# Sag in a butcher block?



## Weatherman (Sep 8, 2011)

Hi all,

I received an inquiry from a friend for a project for his mom's kitchen. Basically she wants a large maple, end grain butcher block to cover a glass stove top that is recessed into the kitchen counters. The requested dimensions are roughly 2" x 25" x 37". The purpose is to have the block sit across the range that is 24" x 36". There would be about half an inch clearance between the bottom of the butcher block and the glass stove top.
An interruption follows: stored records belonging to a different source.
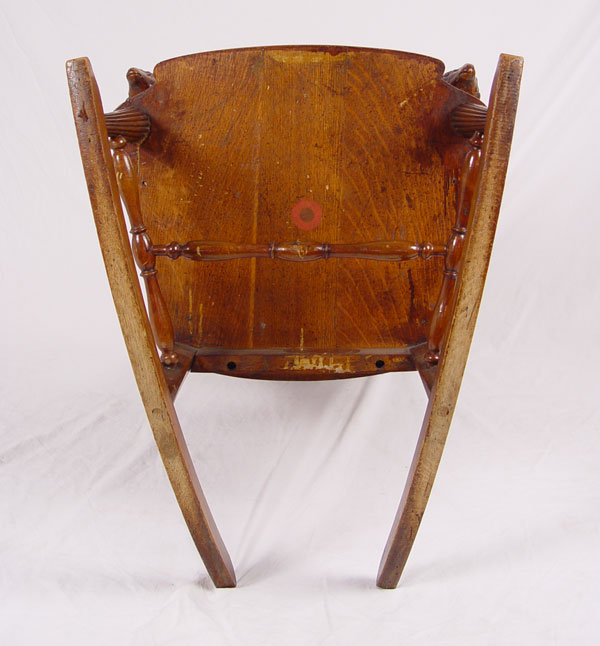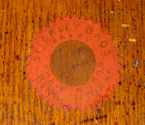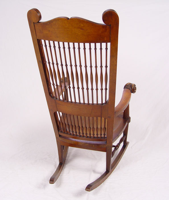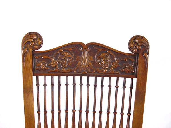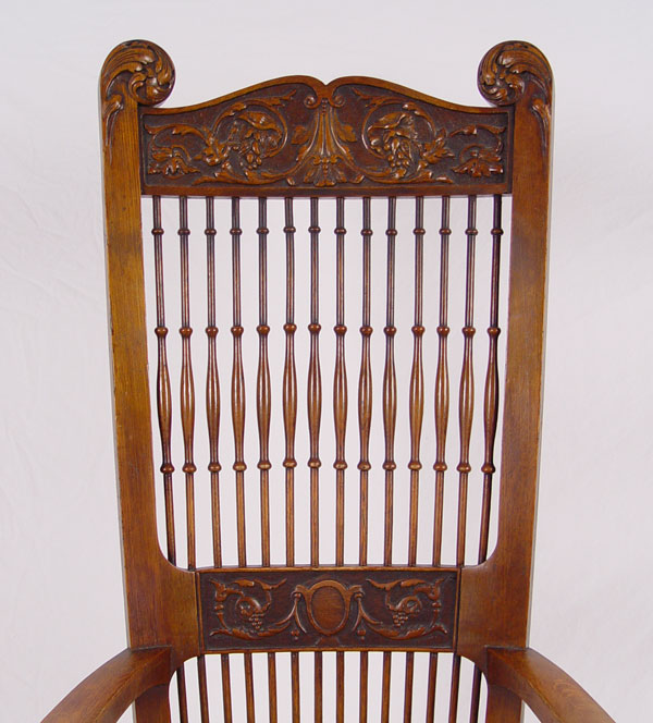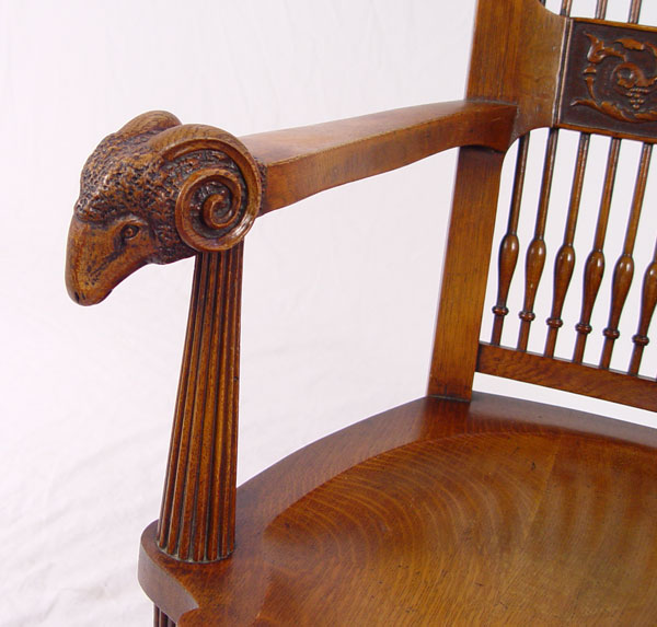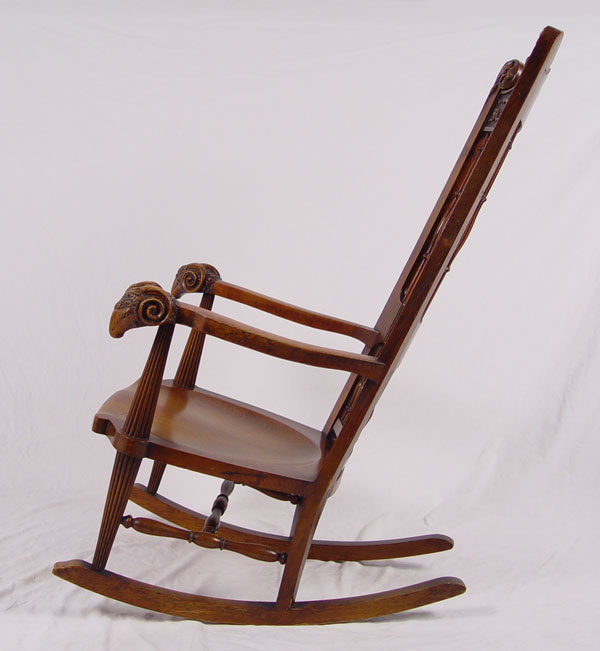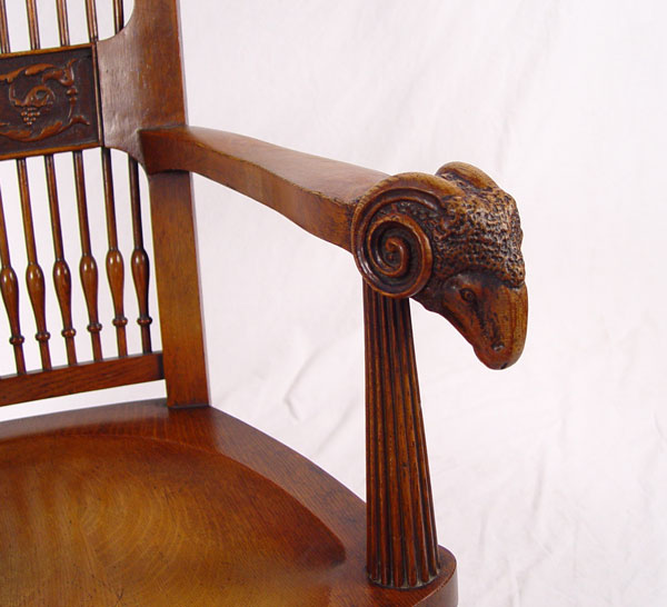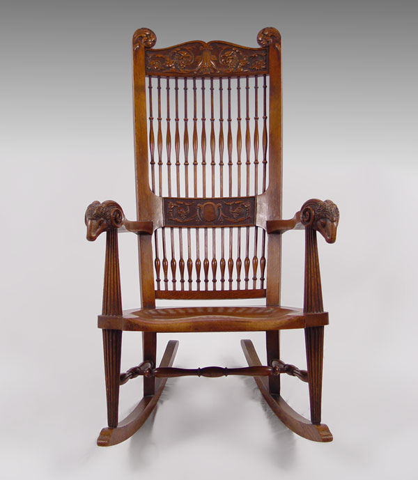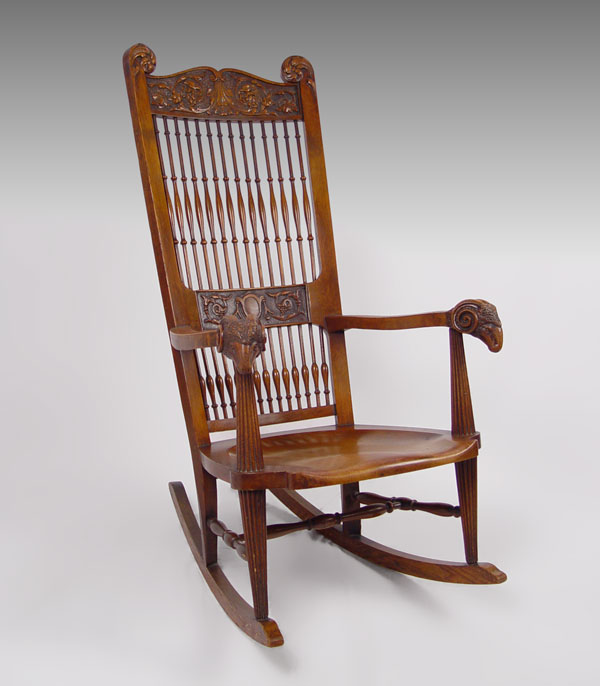 STICKLEY BRANDT RAMS HEAD FANCY OAK ROCKER CA. 1891-1918: Fine ornately carved rams head hand hold, spindle back, carved top rail. Charles Stickley, one of the Stickley brothers and cousin Schuyler formed the Stickley & Brandt Chair Co. in 1891. Label under seat.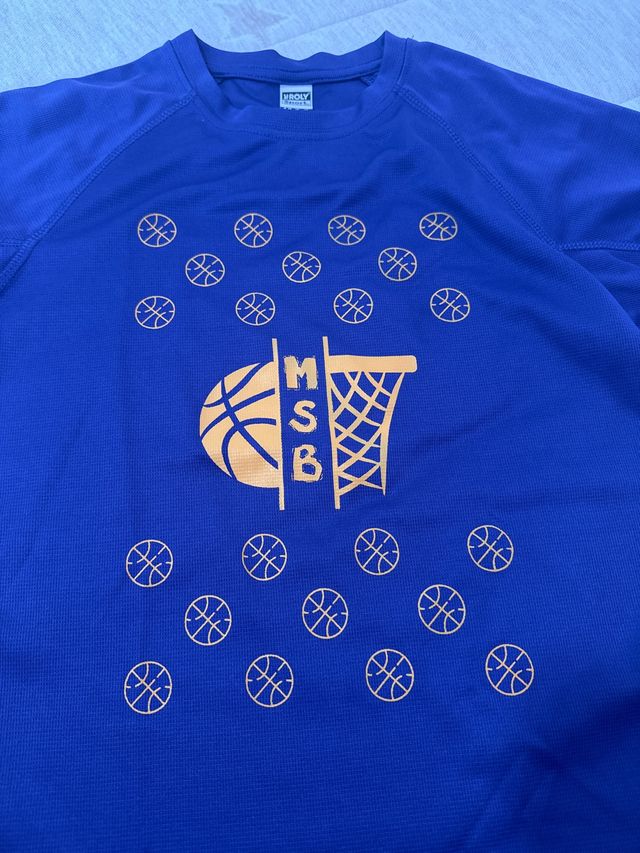Camiseta azul con estampado de baloncesto y el logo MSB. - Diseño con balones de baloncesto. - Logo central de MSB con una canasta.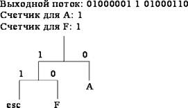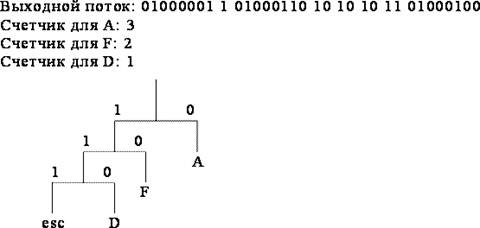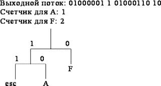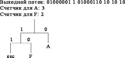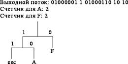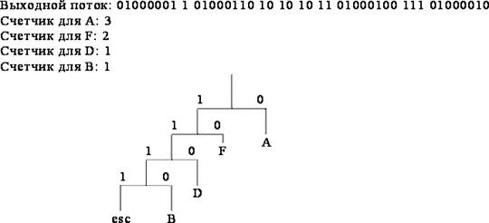Следующий символ D является новым, поэтому он должен быть записан в выходной поток как ASCII-символ, перед которым следует поставить esc-символ (рис. 1, е). Здесь в дереве Хаффмана появляется третий уровень, т.к. сумма счетчиков для esc-символа и D равна 1 (счетчик esc всегда 0) и это меньше суммы значений счетчиков F и А. Наконец, последний символ B записывается в незакодированном виде в выходной поток и добавляется в дерево Хаффмана (рис. 1, ж).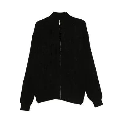 Waffle-knit Zip-up Cardigan In Black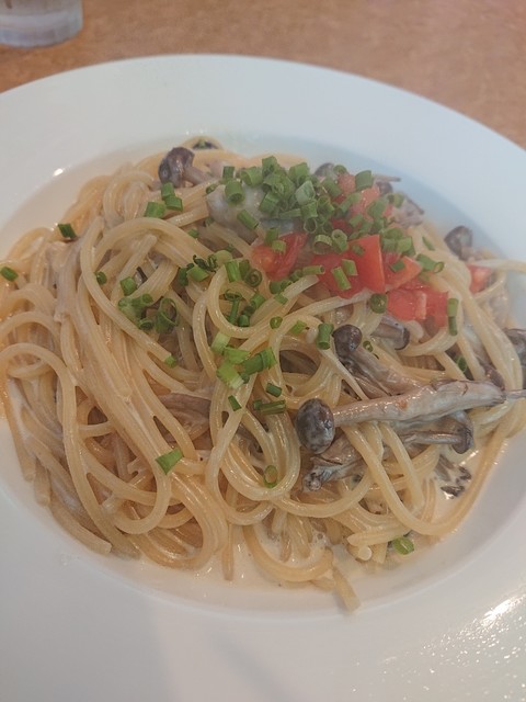小海老とキノコのバジリコを食べて美味しいけど私には塩味が少し足りなかったのでテーブルにある岩塩を追加したら好みの味に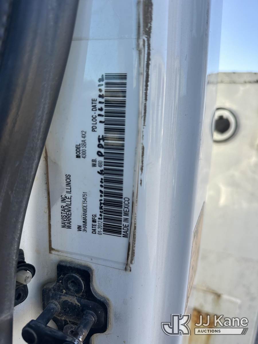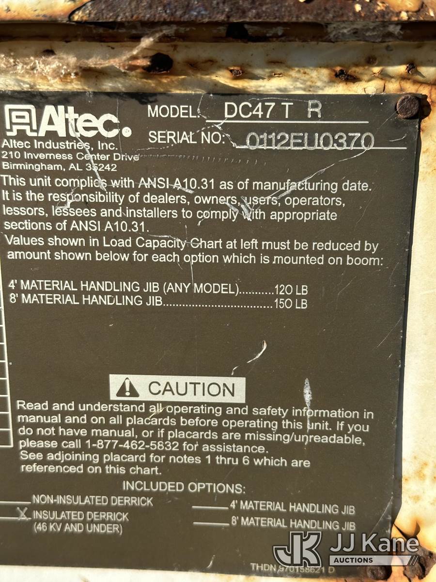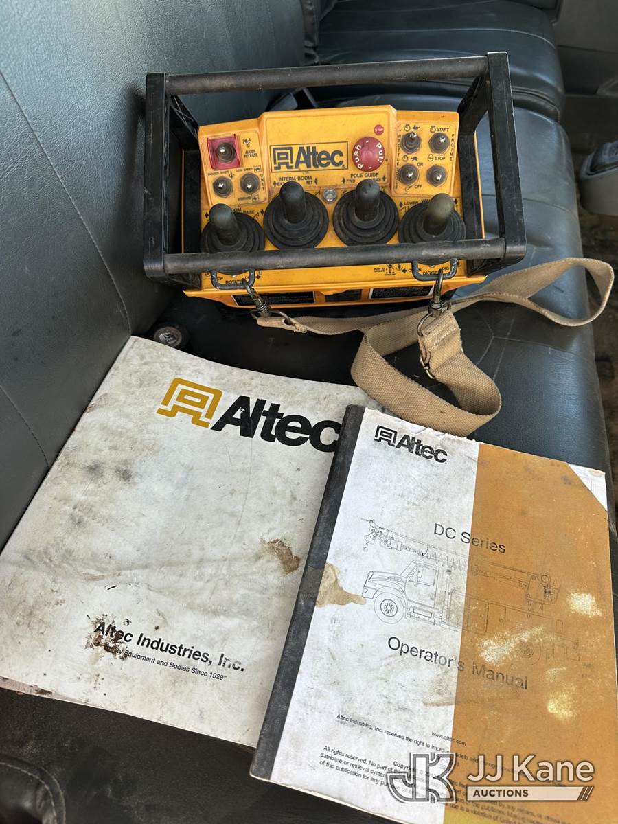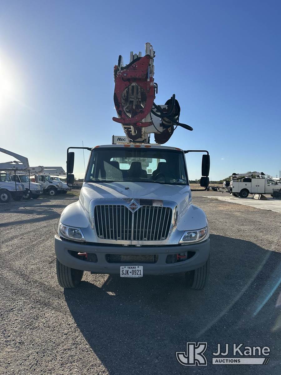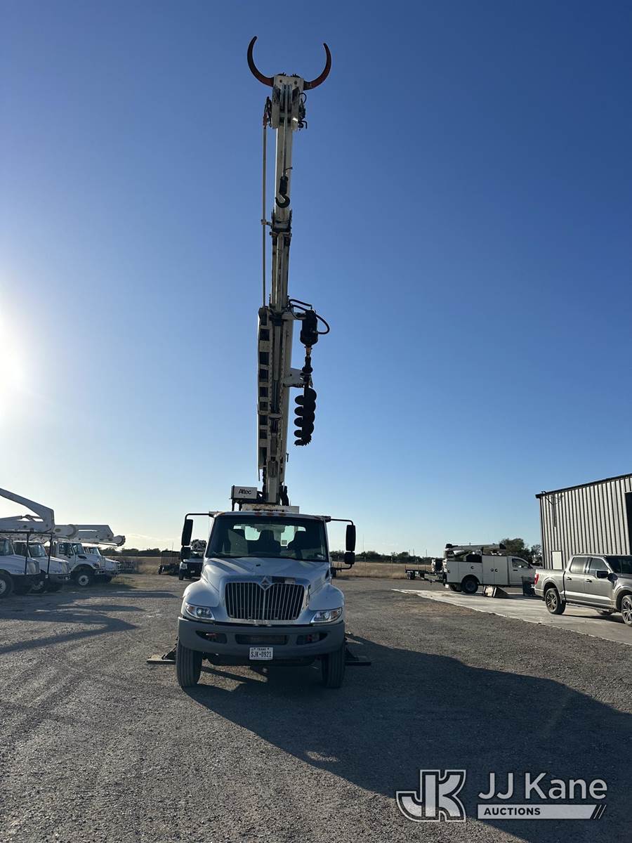 Altec DC47-TR, 23,790 Lb Digger Derrick s/n 0112EU0370, with 47 ft. sheave height, 3 section hyd boom, 2 spd digger, heel winch, pole grabs, remote, riding console & 4 hyd outriggers, rear mounted on 2013 International DuraStar 4300 Utility Truck, MaxxForce diesel, 4X2, Auto, A/C, (114,883 miles) (Runs. Moves. Upper Operates) This is a Titled Item NOTE: This unit is being sold AS IS/WHERE IS via Timed Auction and is located in Corpus Christi, TX. For more information & removal arrangements please contact David Lange @ 817-602-1241. (Manuals provided in cab) (Buyer is responsible for removal. Assistance by consignor or JJ Kane Auctions is not assured.)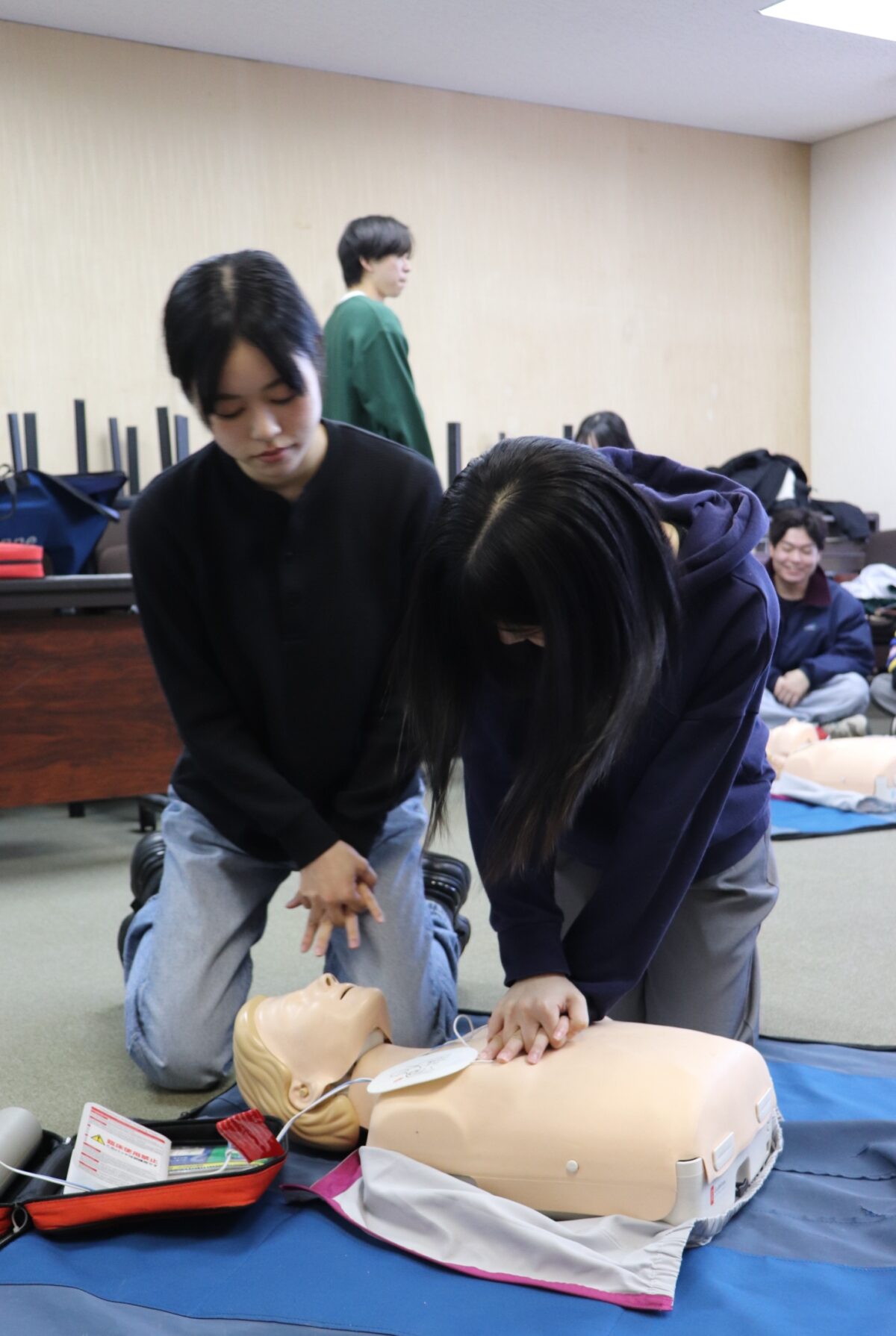 直接「いのち」にかかわる大切な事であり、学生の皆さんは一次救命処置の重要性をよく理解された上での受講ですので真剣そのもの、会場に引き締まった空気が流れます。

I've never built a block this big before. It should weigh about 75lbs or so. at 2" thick, do you think there would be any sag that I would have to worry about across the middle? I think I would rather have the ends extend further onto the counter top for more stability.

Thanks!

Brian


----------



## 01ntrain (Jun 21, 2015)

I like your thinking about a bit more support…..perhaps 26×38? As far as sag goes….if glued up properly, you really shouldn't have any. Not at 2" thick. You might consider biscuits in your glue-ups if that worries you at all.


----------



## TheFridge (May 1, 2014)

pretty sure you should have any probs whatsoever. I made a 2 1/2" x 24" x 48" laminated workbench top that I've had zero problems with even throughout many days of 90-100 deg heat in my shop.


----------



## Weatherman (Sep 8, 2011)

Thanks guys. I'll have to do the glue up in smaller sections. I planned on using biscuits to help align the larger sections for glue up once they're ready. Heat index in Texas is at 110 and I work out of my garage. Even with Titebond 3 I won't have much working time.


----------



## rwe2156 (May 7, 2014)

Can it be in 2 pieces?

What the purpose in putting on top of stove. Just curious.


----------



## ddockstader (Jun 21, 2009)

My greater concern would be that those lovely, glass-topped range are very difficult to determine if you have turned them OFF! For some of them the only indication is a small red light in the center of each burner, a light that would be completely invisible under this butcher block. I think you've got a really great chance of not only warping the butcher block, but possibly setting it on fire. Certainly the glue joints may crack if heated inadvertently.


----------